A few days later he was paroled. In prison he studied psychology and other subjects, either by reading books from prison libraries or by correspondence courses. He supplemented his studies with carefully plotted plans and schemes for escaping. At Sing Sing in 1932, he and another inmate used prison ladders to climb over the wall on a dark night.
In 1945 he crawled through a sewer under the walls of Eastern State Penitentiary, but he was caught immediately.
On February 3, 1947, he and four other convicts, disguised as guards, used ladders to climb over the walls of "escapeproof" Holmesburg Prison during a snowstorm. Out of prison, Sutton used makeup and a varied wardrobe to conceal his identity, and he avoided areas where police would look for him.
As a consequence the William F. Sutton who had escaped from Holmesburg in 1947 attracted widespread public attention as "Willie the Actor" in 1950's magazine feature stories. Despite his makeup and precautions, on February 10, 1952, Sutton was recognized by twenty-four-year-old Arnold Schuster, a presser in a tailor shop.
After Sutton's subsequent arrest despite some police bungling, Schuster was interviewed on television. On March 8, 1952, Schuster was found shot to death. Sutton denied having anything to do with the murder, and he was not charged. He was found guilty, however, of a 1950 bank robbery and was sentenced to a minimum of thirty years in prison, where he began working with writer Quentin Reynolds on an "autobiography, " dedicating it to his daughter. Despite his lengthy sentence, Sutton was released from prison for the last time on December 24, 1969, because he was suffering from emphysema.
From 1923 until his release, Sutton had spent a total of thirty-three years in prison. There he and writer Edward Linn composed a second "autobiography, " Where the Money Was. The book both repeats and updates the 1953 book, again using fictitious names for some people. Despite the book's title, Sutton denied ever saying that he robbed banks "because that's where the money was. "
Late in life Sutton estimated that he had stolen almost $2 million from banks and merchants - and he had little to show for it. Sutton died in Spring Hill, Florida.
During his forty-year robbery career William Francis Sutton Jr. stole an estimated $2 million, and he eventually spent more than half of his adult life in prison and escaped three times. For his talent at executing robberies in disguises, he gained two nicknames, "Willie the Actor" and "Slick Willie". Sutton is also known as the namesake of the so-called Sutton's law, although he denied originating it.
(The Broadway Books Library of Larceny Luc Sante, General ...)
Quotations:
He said that he robbed banks "because I loved it. I was more alive when I was inside a bank, robbing it, than at any other time in my life. "
In his autobiography, Sutton denied originating the pithy rejoinder:
"The irony of using a bank robber's maxim as an instrument for teaching medicine is compounded, I will now confess, by the fact that I never said it.
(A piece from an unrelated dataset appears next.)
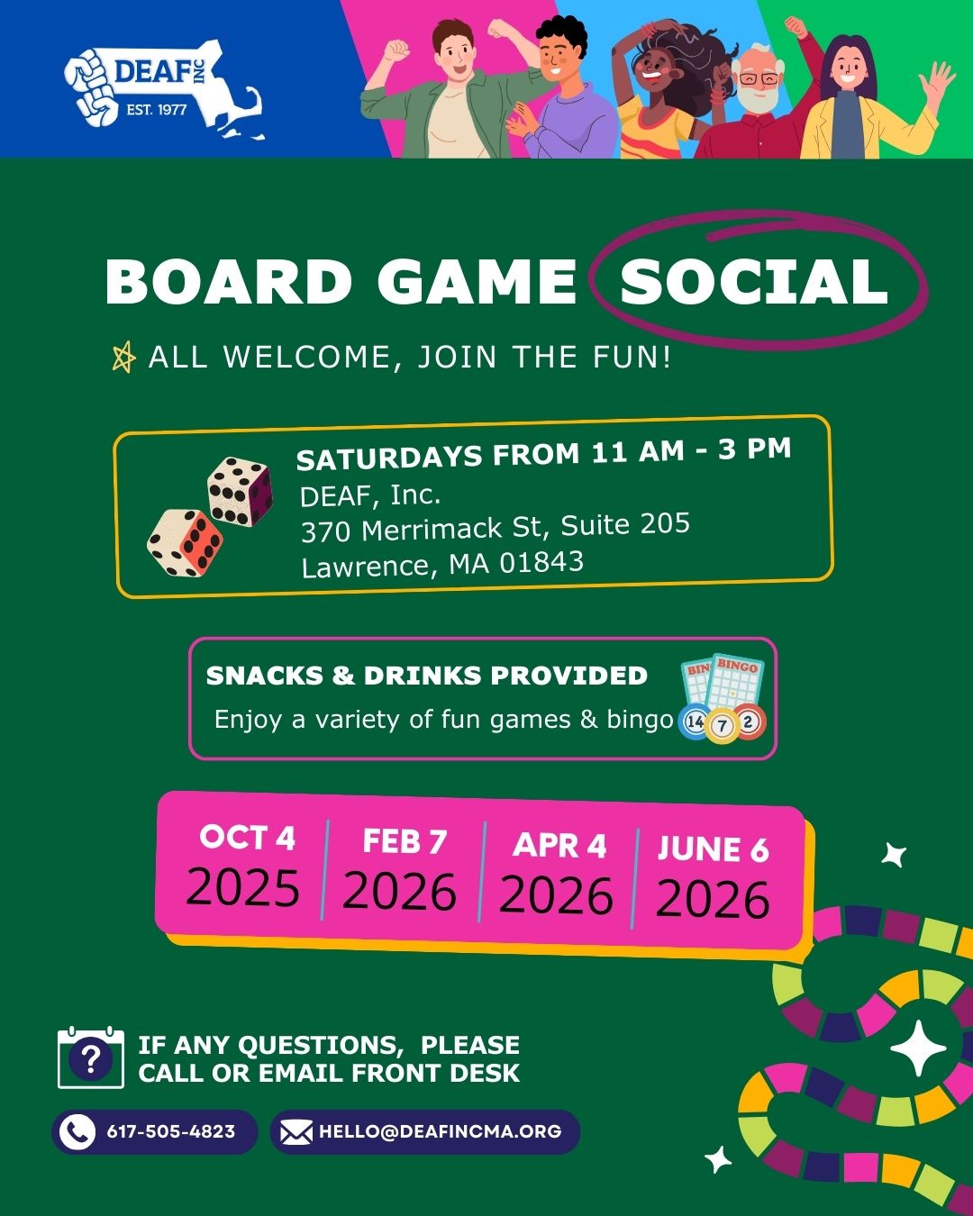 Image description: This flyer is in green background with texts in white and colorful blocks and dices. On the top border, five happy people celebrating with blue, pink, light blue, and green stripes and DEAF, Inc. logo in white. DEAF, Inc. is hosting Board Game Social (circled). All welcome, join the fun! Saturdays from 11 AM - 3 PM EST at DEAF, Inc. 370 Merrimack St, Suite 205 Lawrence, MA 01843. Snacks & Drinks provided. Enjoy a variety of fun games & Bingo. 2025 Events: Oct 4. 2026 Events: Feb 7, Apr. 4, and June 6. If any questions, please call or email front desk at 617-505-4823 & hello@deafincma.org. |

The credit belongs to some enterprising reporter who apparently felt a need to fill out his copy. I can't even remember where I first read it. It just seemed to appear one day, and then it was everywhere.
If anybody had asked me, I'd have probably said it. That's what almost anybody would say . .. it couldn't be more obvious. "
Sutton married Louise Leudemann on October 21, 1929. They had one child and were divorced in 1947 soon after he was again sentenced to prison. Their daughter, Jeane, was to grow up hardly knowing her father - she saw him only two or three times until he was an old man.
In Look magazine (May 20, 1952), a Jeanne Courtney claimed to be Sutton's second wife.